A voice comes from behind the curtain. It is my line. The words are foreign to me but I say them anyway.  Am I in a comedy or a tragedy? The line gave nothing away. I am right back where I started. What do I say next? How can I live from line to line when I don’t know the story, the genre, or my role?

Mercifully, consciousness snatches me from my nightmare. After a few minutes my pulse recedes, but a heaviness remains in my gut—a sickness unto death. No more Kierkegaard before bed.

For more on Kierkegaard, see my last post Life without a Plot.

Can you imagine enduring a play line by line? Yet that is how I too often find myself living. (Perhaps that is why I have this nightmare)

When I was in college, I had no idea what role I was playing. After my dream of playing in the NBA died—much later than it should have died—I wasn’t sure what I wanted to do with my life. Should I be an engineer? a philosopher? a musician? I was clueless. So I made the next mistake . . .
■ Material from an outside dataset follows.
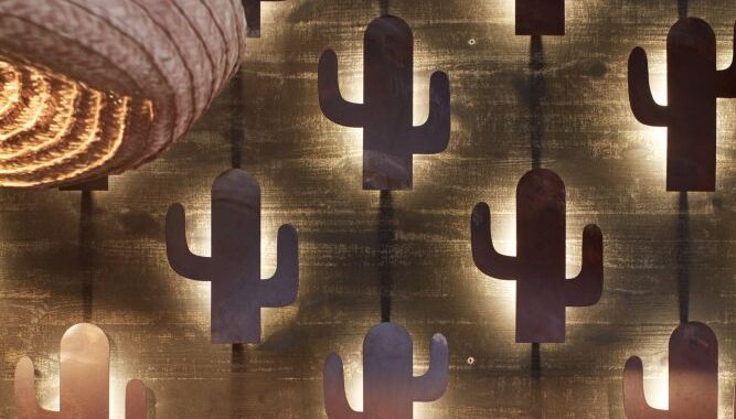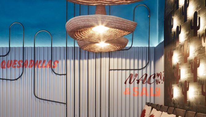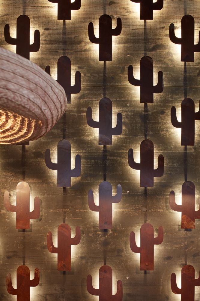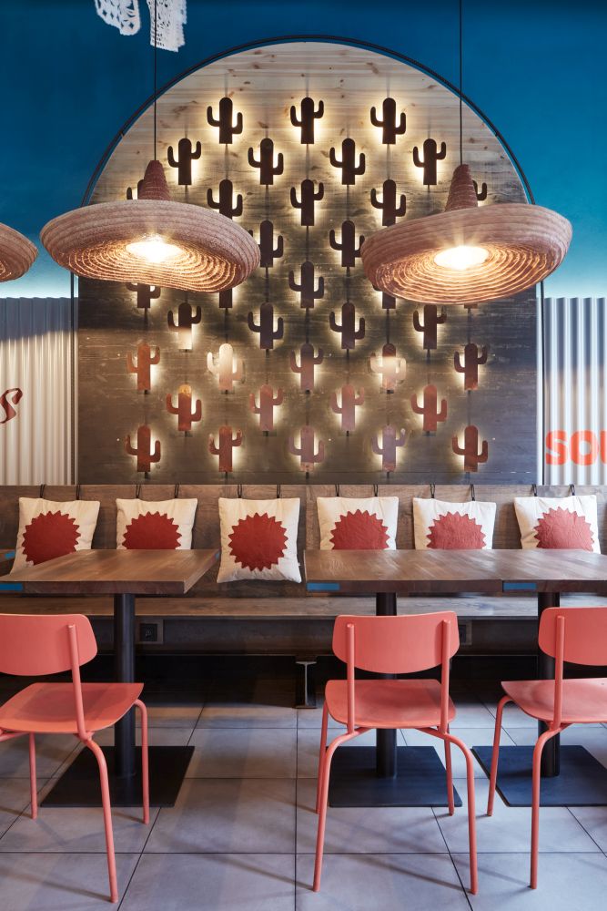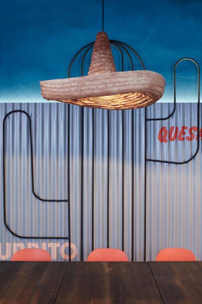 Mexiko je plné barev. Charakteristickým znakem je pestrost a nazdobenost. V návrzích jednotlivých poboček zachováváme stále stejné materiály a stejné prvky, pro každou provozovnu jsme však volili jiné barevné kombinace. Barevnost se s každou pobočkou mění na obkladech z vlnitého plechu, výmalbách, keramických dlaždičkách a také na židlích. Charakteristické mexické dlaždičky jsme záměrně nahradili jednobarevnými a do interiéru jsme dotek Mexika dostali skrz některé symboly, které jsou pro Mexiko typické. Zásadním z prvků je symbol kaktusu, který je v interiéru dominantní a stylizovaný v různých formách. Dalšími prvky jsou sombrera a girlandy. Z typicky mexických velkých klobouků byla vyrobena závěsná svítidla. Girlandy nechybí na žádné mexické party, jsou zavěšené na stromech u každého plechového stánku s občerstvením. V interiéru Burrito Loco jsou nakombinované girlandy z malých žárovek a girlandy ozdobné s vystřihovaným vzorem. Sombrera, stejně tak jako bílé plastové ozdobné girlandy se objednávaly v Mexiku.
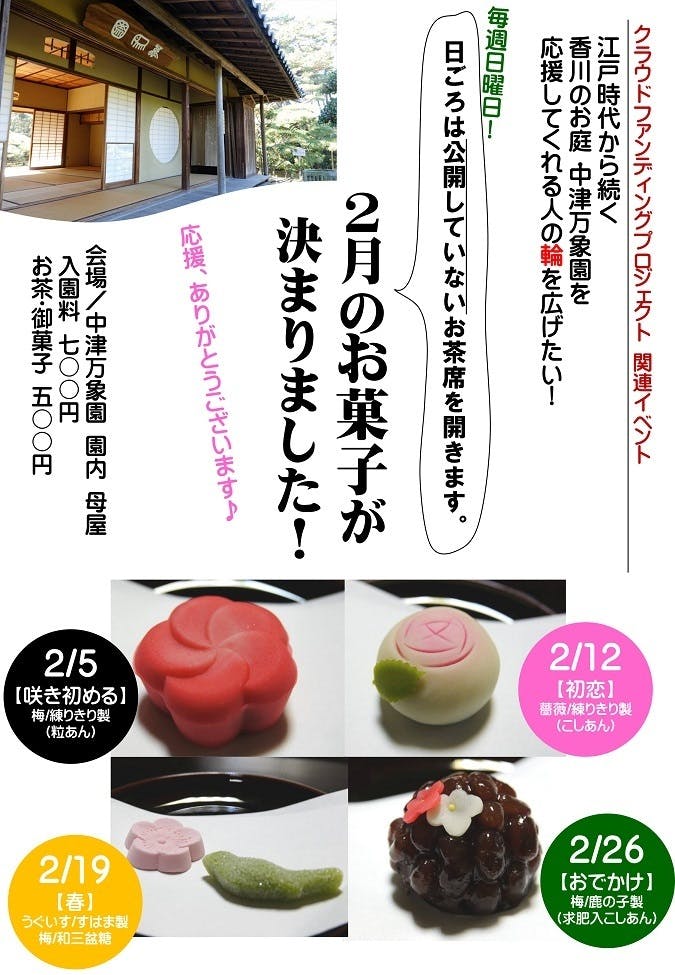 クラウドファンディング関連イベントとして、日頃は公開していないお茶室で、2月~4月の三ヶ月間、毎週日曜日においしいお菓子で皆さまをお迎えします(10-15時)

. . . I tried to play every role. My Dad had told me that I could be anything I put my mind to (which, in retrospect, was not true because I am far too tall for flying jets) so I put my mind to everything. I would invent new technologies while solving the deep questions of the universe and singing about it all on weekends at the local bar. Foolproof. It was Romeo and Juliet and I was playing both the leads—and Tybalt as well.

Some of this came from my diverse upbringing. But much of it came from an attempt to play the roles others wanted me to play. I had no business being an engineer. I could do the math and the science. I got good grades. It wasn’t my passion though. Engineering was something I should do. So I did it.

What I really want in my life is to play the role I was created to play. What role did the playwright uniquely pen for me? That role is the one I want play. That  role will uncover my latent passions. That role will bring with it satisfaction and purpose. That role is my role.

Now where did I put my script?

 

[For further thought: In a play, the actor simply recites the lines he has memorized. Life seems very different. We are, in some way, creating the lines as we are reciting them. How does this fit together with the idea that our lives have a bigger story and purpose to them? Add your thoughts below.]